> Input material:
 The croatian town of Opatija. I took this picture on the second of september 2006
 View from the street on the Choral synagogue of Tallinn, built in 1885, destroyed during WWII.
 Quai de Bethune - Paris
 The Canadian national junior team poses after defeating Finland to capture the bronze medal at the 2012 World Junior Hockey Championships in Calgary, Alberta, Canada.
...
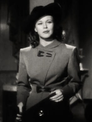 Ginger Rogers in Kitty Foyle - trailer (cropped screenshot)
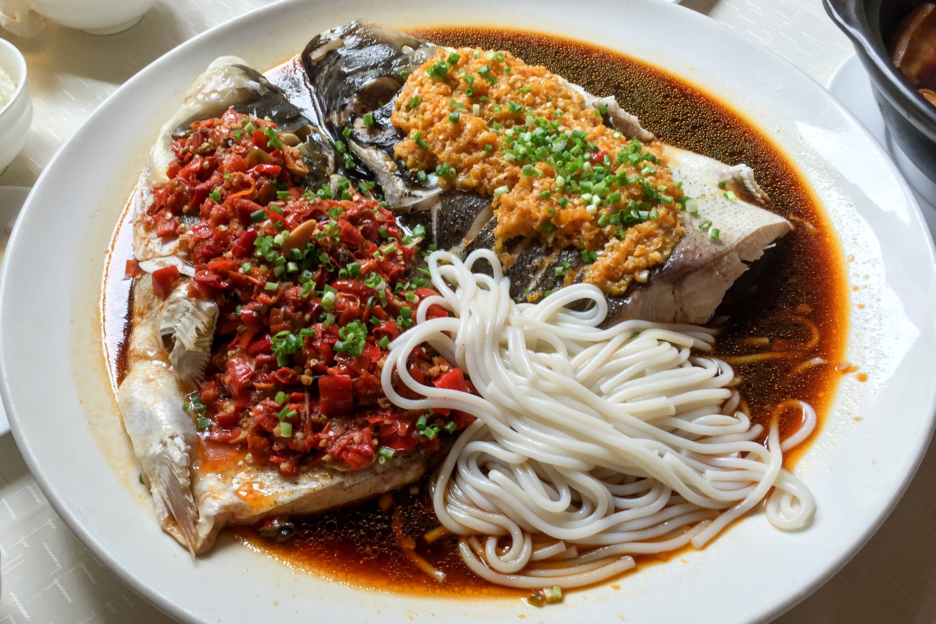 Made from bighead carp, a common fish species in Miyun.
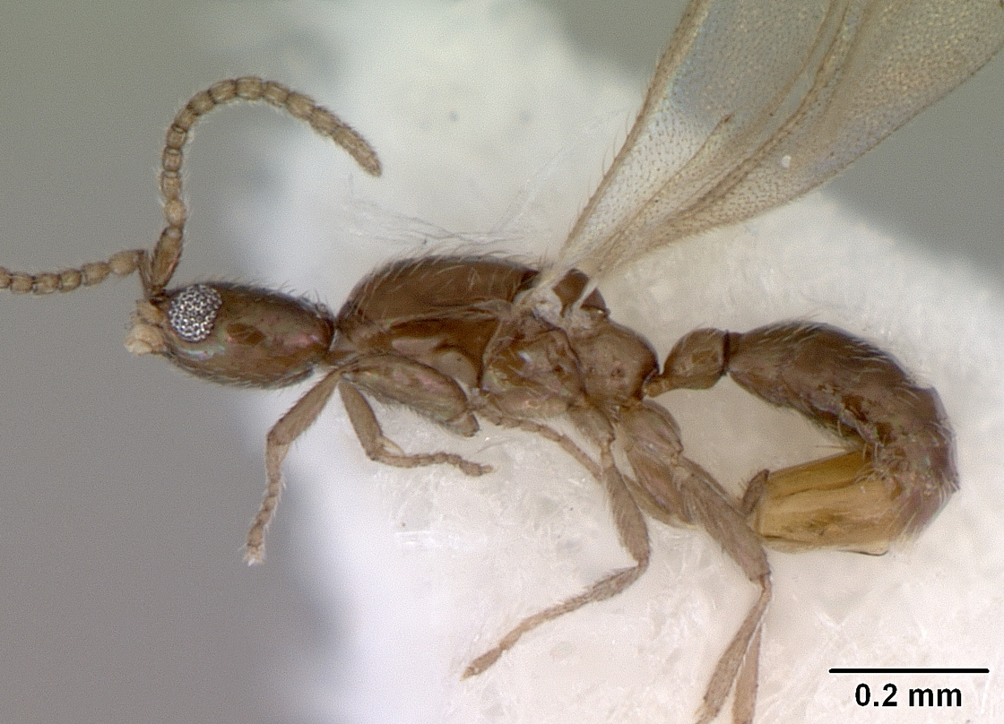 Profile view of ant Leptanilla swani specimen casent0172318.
...
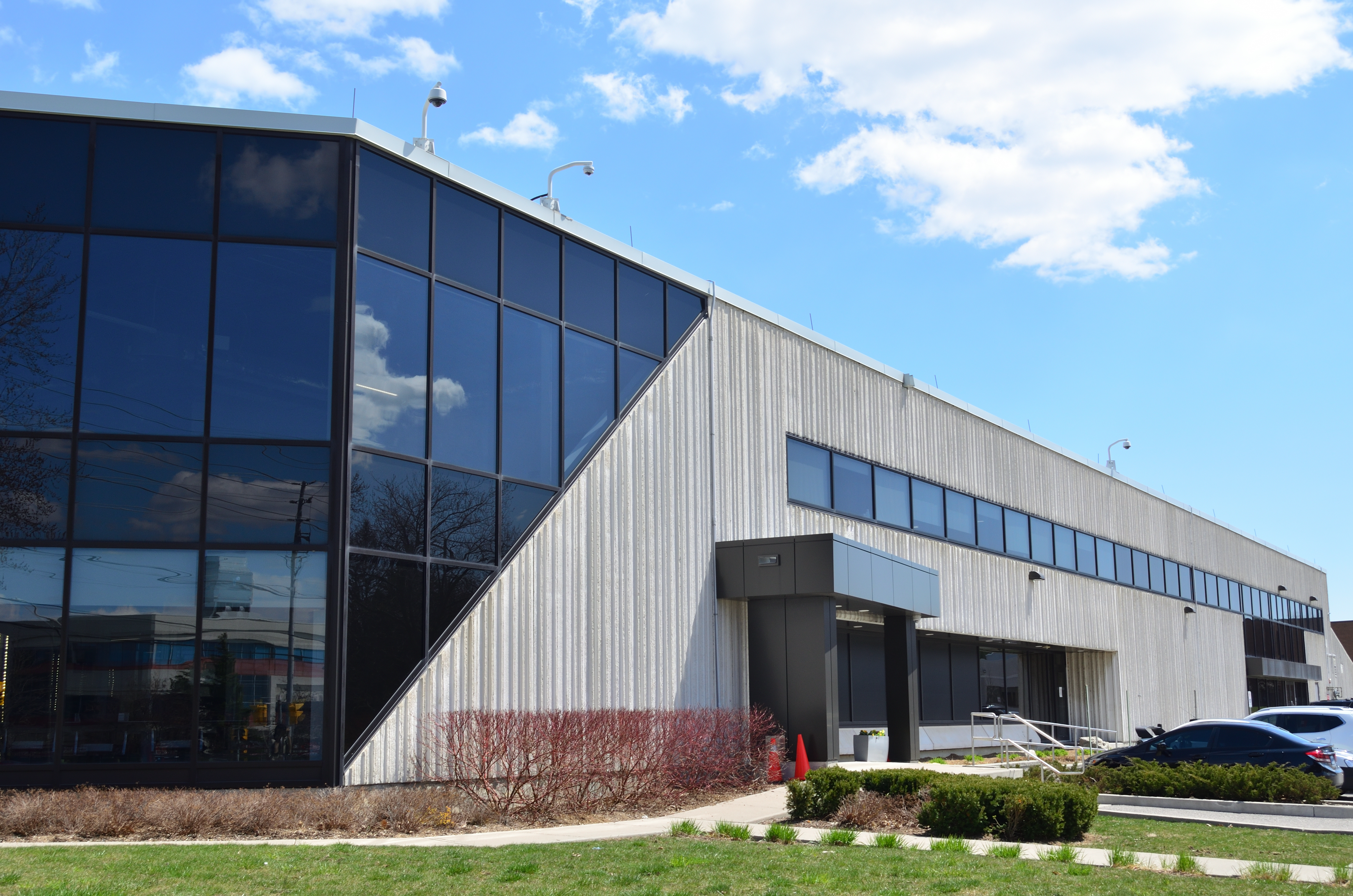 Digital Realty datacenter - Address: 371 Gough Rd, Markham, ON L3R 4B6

> Work to be completed:
Retype word for word everything in the listing above from the line that holds "View from the" down to the line that holds "The Canadian national". Keep both end lines and leave out the rest.

> Task output:
 View from the street on the Choral synagogue of Tallinn, built in 1885, destroyed during WWII.
 Quai de Bethune - Paris
 The Canadian national junior team poses after defeating Finland to capture the bronze medal at the 2012 World Junior Hockey Championships in Calgary, Alberta, Canada.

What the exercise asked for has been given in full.